Some of the really big gods. The sun. So I guess probably any stars that care enough to put on human bodies and walk around like they belong in skin and bone.
They don’t have to die unless they want to, and who wants to die, anyway? ”
“I’ve never met anyone who was actually immortal.”
“Of course you haven’t.” The girl looks down at her hands, still clutching the controller.
“Once they get tired of the world the way it is, they pack up and head for the Impossible City. I wonder what they thought when it became the Impossible City. Whatever it was before probably looked a lot less like nineteenth-century Boston.”
“Wait. You know what the Impossible City looks like?”
“Well, yeah.” The girl shrugs. “I hang out with Lunars. Pretty sure Judy’s trying to track down David so she can make him babysit us tonight.
They visit the Impossible City monthly, and they come back here and tell us what it was like.
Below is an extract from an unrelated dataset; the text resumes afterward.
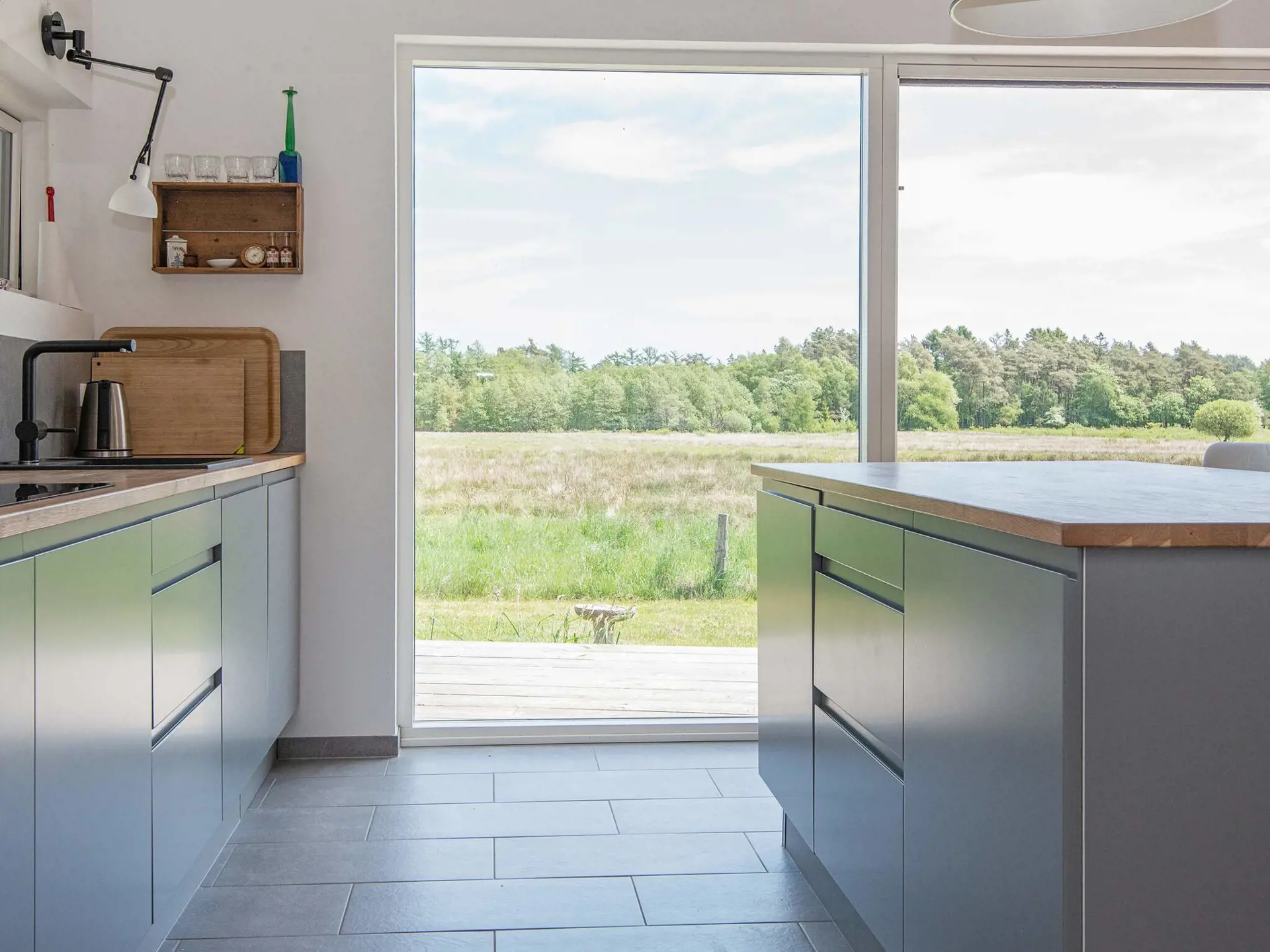 Rund um das Ferienhaus befinden sich eine große Holzterrasse und eine große überdachte Terrasse, auf der Sie grillen und die kühleren Abendstunden genießen können. Das Haus liegt auf einem weitläufigen Naturgrundstück mit herrlichem Blick auf die Felder und viel Platz zum Spielen für Kinder. Tischfußball und Frisbee-Golf sorgen für Freizeitvergnügen.

So I’ve never seen it, but I have a pretty good idea of what I’d see if I could go there. ”
“About that … you seem a little old to need a babysitter. I didn’t have a sitter when I was your age. Why do they need someone to watch you?”
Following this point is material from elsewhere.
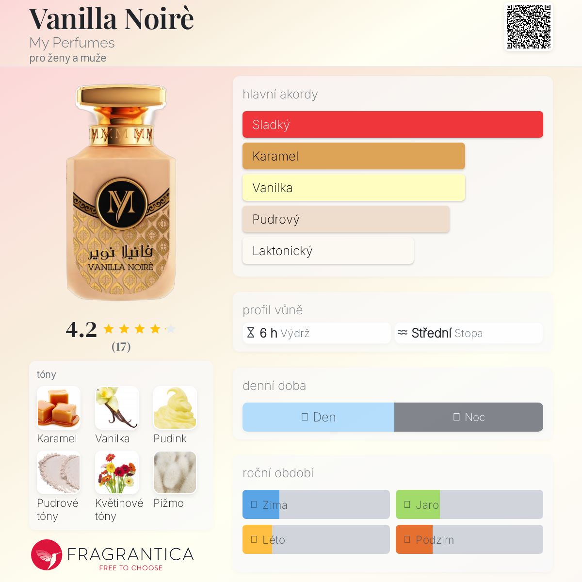 Vanilla Noirè podle My Perfumes je Orientální Vanilla vůně pro ženy a muže. Vanilla Noirè byl/a uveden/a v roce 2023. Vrchní tóny jsou Karamel, Pudrové tóny a Květinové tóny; střední tóny jsouVanilka, Vanilka, Pudink a Pižmo ; základní tóny jsou Vanilkový lusk, Sladké tóny a Jantar (ambra).

“Roger can tell anybody to do anything. Did you know that? That when he gives an order, you have to do whatever he says. You don’t get a choice, not like you normally would when someone says you should do something you don’t necessarily want to do.”
“I figured that out, yes. It’s how the Doctrine is supposed to work, isn’t it? The Language side of things keeps them moving in the right direction, and the Math side puts them in the right order.”
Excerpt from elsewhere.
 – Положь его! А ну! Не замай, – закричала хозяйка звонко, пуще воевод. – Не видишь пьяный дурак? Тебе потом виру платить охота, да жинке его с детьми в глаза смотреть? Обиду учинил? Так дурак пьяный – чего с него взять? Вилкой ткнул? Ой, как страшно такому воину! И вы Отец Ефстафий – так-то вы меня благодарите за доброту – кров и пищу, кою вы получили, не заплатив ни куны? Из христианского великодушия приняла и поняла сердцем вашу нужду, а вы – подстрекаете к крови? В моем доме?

“And when he gives an order, Dodger can rewind time enough to make sure that you follow it, even if you already did something else.”
Lilianne is starting to get a painful sinking sensation in the pit of her stomach. She’s heard people use that tone before, heard them talk flatly about how terrible things are, how there’s no clear route from where they are to where they want to be. “Oh?”
“Yeah,” says the girl. “But when Roger’s not here, sometimes Tim and I can push past the orders he’s given us.
It’s not easy—our thoughts don’t want to go against him, even when he’s not around to see—but we could have been the Doctrine, and so it’s possible for us, if we work at it for long enough.
Only when he’s far away, though. And he can’t always be here watching us so he can tell us not to kill ourselves as soon as he looks away, so they make sure there’s always someone home to watch us.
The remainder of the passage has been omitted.